It’s hard to concentrate. Ping pong of the mind is in play — sometimes that restless movement is productive, but not now. I’m sitting on home, but mind is racing through history, through ditches and pogroms, uneasy peace, good & evil, unstability of thereof, pronouncements and truths which in a silvery instant become their opposites. Other war zones, names of weaponry, mass injury, mothers. The mind ping pongs. I can hear the echo across screens all over the world.
I been reading the work of a Polish poet whose mind ping pongs, Czeslaw Milosz. A witness of multiple 20th century cataclysms, Milosz followed the tortuous turns of his fractured consciousness.
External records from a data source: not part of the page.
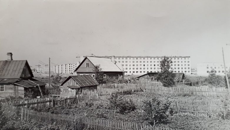 Вид от станции Нева на застройку Народной улицы. Снимок сделан ровно с того места, где сейчас находится путепровод, соединяющий Народную улицу и Мурманское шоссе. На месте дома со светлой крышей сейчас стоит АЗС «Татнефть».
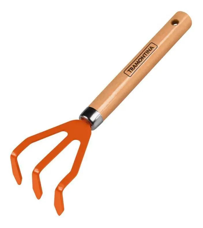 Ancinho pequeno para afofar terra, remover resíduos e preparar vasos e canteiros com mais controle e precisão.
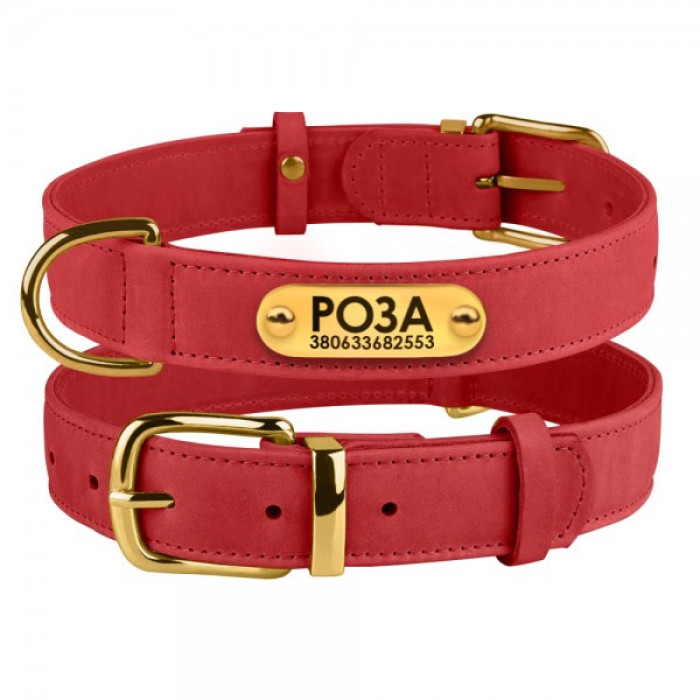 Нашийник для собак шкіряний Crazy Червоний L 38-49 см
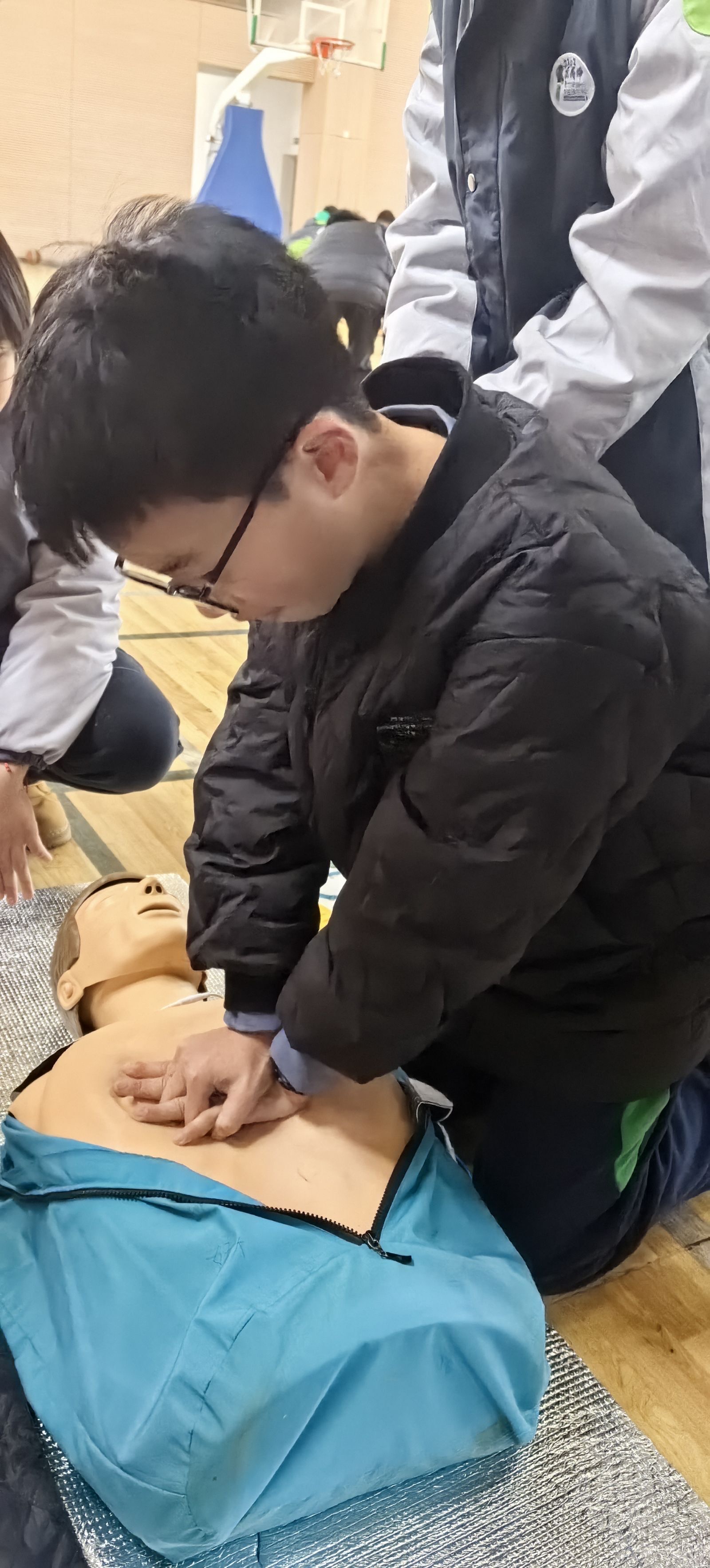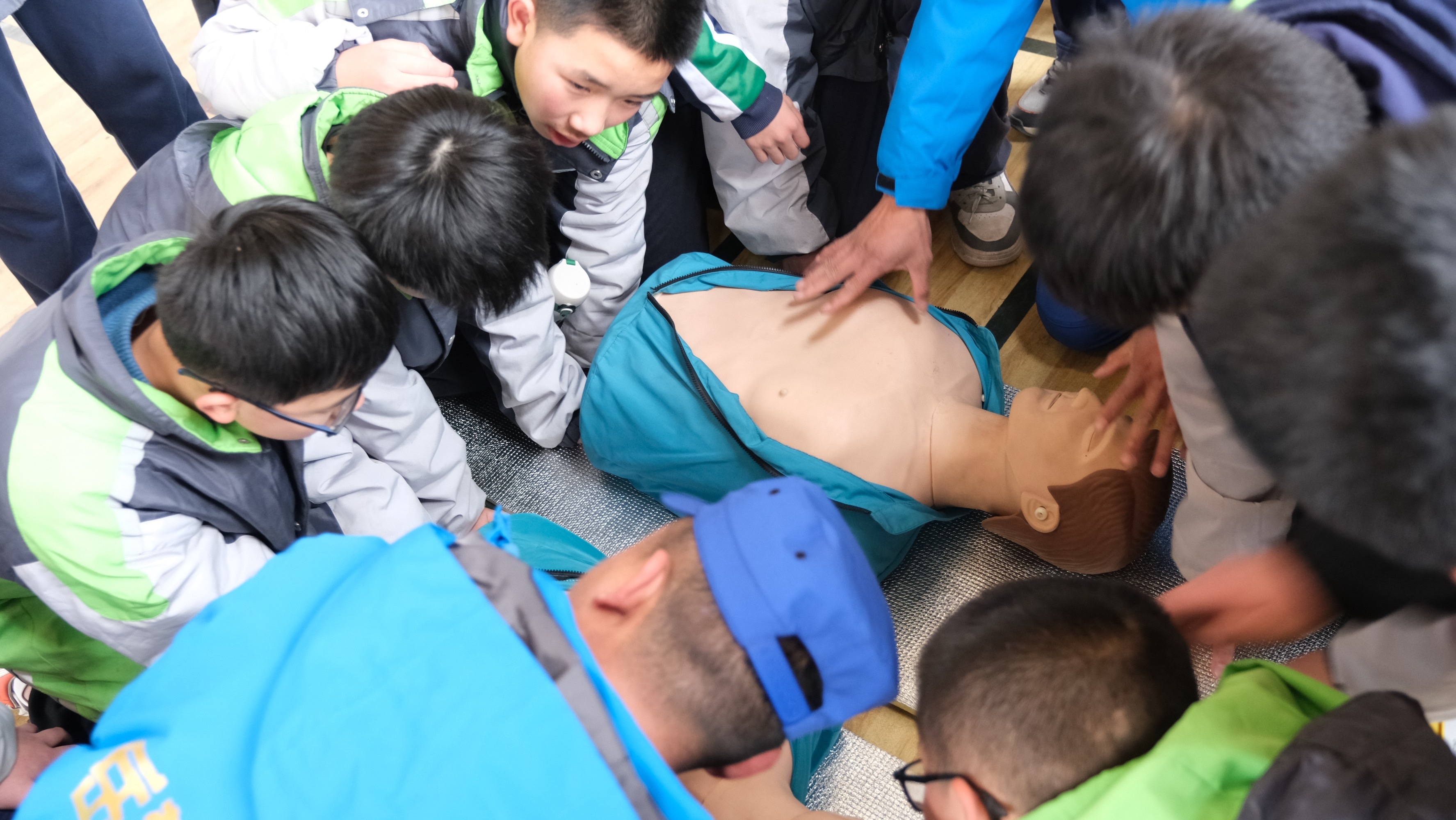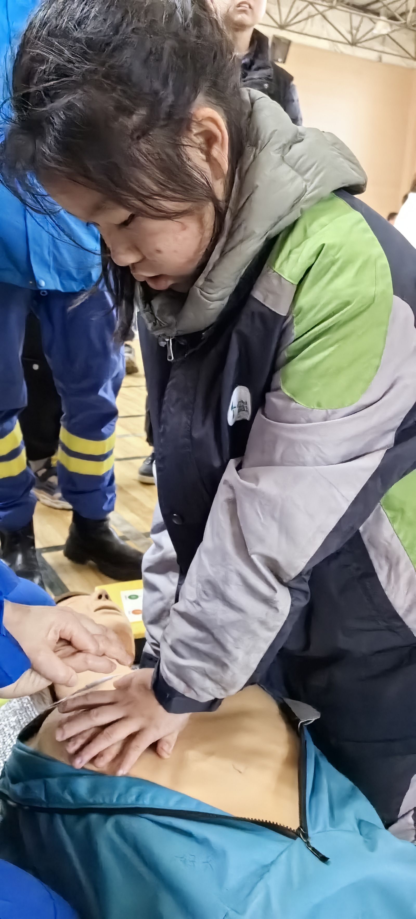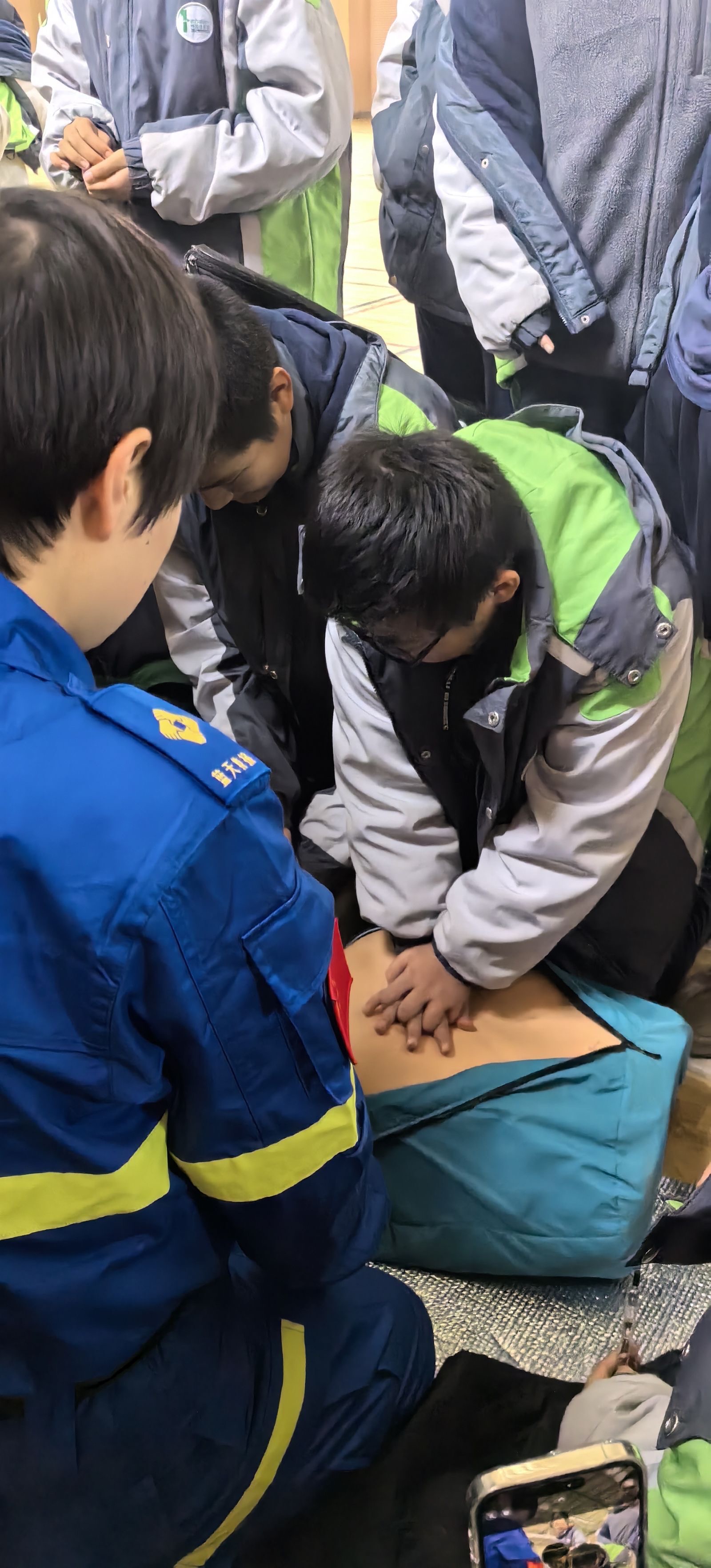 3班同学们展现出了极高的学习热情。他们全神贯注地聆听蓝天应急救援队教官的讲解,并积极参与心肺复苏应急处置的实践操作。每个同学都勇敢地一一上台演示。

After he arrived in Berkeley, California, he wrote, “Who will honor the city without a name/If so many are dead and other pan gold/Or sell arms in faraway countries?” He was remembering his hometown, Vilnius, then in Lithuania, later a part of Poland in the poem, “City Without a Name.”
Blink in the poem, then ask where are we now? We’re in Death Valley. We are lost in wonder. Also at the zero point for the imagination. A place of not extinction but a low buzz, imperceptible murmur, desolate, alien. A place of immersion. As is true with all darknesses, it is alive with potential.
I thought of the zero point as Orthodox Christians were celebrating “Forgiveness Sunday.” To be a fly on the wall in the Orthodox churches! Imagine the buzz inside the heads and consciences of Russians and Ukrainians alike. What are Russians murmuring to themselves? I imagine a descent down to a void, wildness, to experience the howl, a cry of anguish. Radical insight, a shock of recognition. To be a fly that could make a swerve, a turn in action. The small voice longs to be heard.